Lenin verteidigte deswegen das nationale Selbstbestimmungsrecht vehement aus einem ganz anderen Grund. Er trat für die Einheit der internationalen Arbeiterklasse im Kampf ein und stellte fest, daß diese nur auf der Basis der Freiwilligkeit möglich ist. Lenin war sich im übrigen mit Marx, der das am Beispiel der Beziehung der englischen Arbeiterklasse und der irischen Befreiungsbewegung feststellte, darüber einig, daß die Leugnung des Selbstbestimmungsrechtes einer unterdrückten Nation durch die Arbeiterklasse der Unterdrücker nation diese an ihre Bourgeoisie fessele und damit ihre Befreiung von Ausbeutung und Unterdrückung unmöglich mache.

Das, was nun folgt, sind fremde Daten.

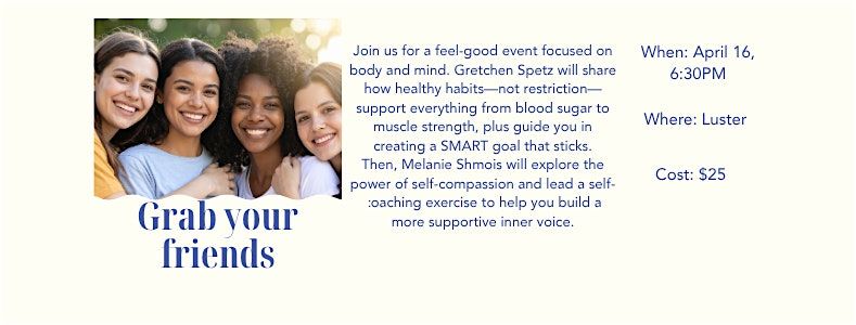 Join us for a well-rounded wellness event designed to support both your physical and mental health. You’ll learn how to build realistic, sustainable nutrition habits that support your body, while also exploring the power of self-compassion to improve your mindset and inner dialogue. Through simple, interactive exercises, you’ll leave with practical tools to create lasting habits and feel more confident in your everyday routine.

Denen jedoch, die aus der unbestreitbaren Tatsache, daß der Nationalstaat ökonomisch gesehen den Rahmen des Imperialismus nicht durchbrechen kann und im Vergleich zu Marxens Zeiten in dieser Hinsicht keine fortschrittliche Tendenz mehr berge, den Schluß zogen, das nationale Selbstbestimmungsrecht habe sich damit überlebt, schrieb Lenin ins Tagebuch: "Bei Gen. P. kommt es so heraus, daß er im Namen der sozialistischen Revolution das konsequent revolutionäre Programm auf dem Gebiet der Demokratie mit Geringschätzung beiseite schiebt. Das ist nicht richtig. Das Proletariat kann nicht anders siegen als durch die Demokratie, d.h. indem es die Demokratie vollständig verwirklicht... Es ist Unsinn, die sozialistische Revolution und den revolutionären Kampf gegen den Kapitalismus, einer der Fragen der Demokratie, in unserem Fall der nationalen Frage, entgegenzustellen." (Das revolutionäre Proletariat und das Selbstbestimmungsrecht der Nationen. 1915. LW Bd.21, S.415)

Den Anhängern der serbischen Staatlichkeit zufolge kann aber hier gar nicht von nationaler Unterdrückung die Rede sein. Es wird auf albanische Straßenschilder und Zeitungen im Kosovo verwiesen und eben auf den 'multinationalen' Charakter des jugoslawischen/serbischen Staates.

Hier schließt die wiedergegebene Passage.